La Parusía no debe ser vista, en consecuencia, con la actitud ansiosa de quien espera la
retribución ni con el miedo de quien imagina a un Dios airado, sino como la celebración de la
victoria definitiva sobre el pecado y la muerte, sobre la enemistad y el odio, sobre la violencia y
el reproche. Ha de suscitar ante todo actitudes de alabanza y de gratitud, que alimentan la
esperanza y la vigilancia en el tiempo de la espera. No se puede pensar que Jesús, el Hijo del
amor, actúe en el juicio final de modo contrario a como actuó en el anuncio del Evangelio, pues
en tal caso se destruiría la consistencia y la coherencia del mensaje cristiano.

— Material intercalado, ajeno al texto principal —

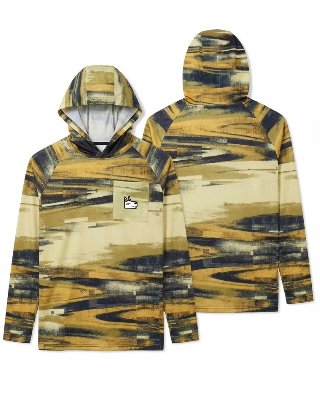Soft hand feel UPF 50 hooded sun shirt in our most popular glitched out camo print

Jesús es la parusía de Dios en cuanto en ese momento consumará su misión de contarnos
quién y cómo es el Padre para invitar al júbilo de la comunión trinitaria.
La Teología o la devoción no deben estar movidas por la curiosidad periodística o morbosa
sobre el futuro, sino por el paso de lo definitivo a lo eterno, por la victoria del bien, por la victoria
del proyecto de Dios. La Parusía habla de ese triunfo, y por tanto no debe ser vista
principalmente como un final sino como un comienzo, como la entrada en el Reino de paz y de la
justicia que han dejado atrás toda enemistad. Entonces se podrá experimentar que la Trinidad es
realmente la vida en el amor y que amar es la plenificación del ser humano.
La esperanza se habrá transformado en alegría. Porque las preguntas con que se abría el relato
bíblico (sobre el origen del mal y del sufrimiento humano) encuentran el horizonte de la
respuesta cuando el llanto, el dolor y las lágrimas desaparecen porque todo ha sido hecho
nuevo.
Resumiendo, la Parusía es la venida gloriosa y final de Jesucristo. Se ha producido por:
- El interés de las personas concretas por su destino individual facilitó la concentración en “los
novísimos” (cielo, infierno, purgatorio).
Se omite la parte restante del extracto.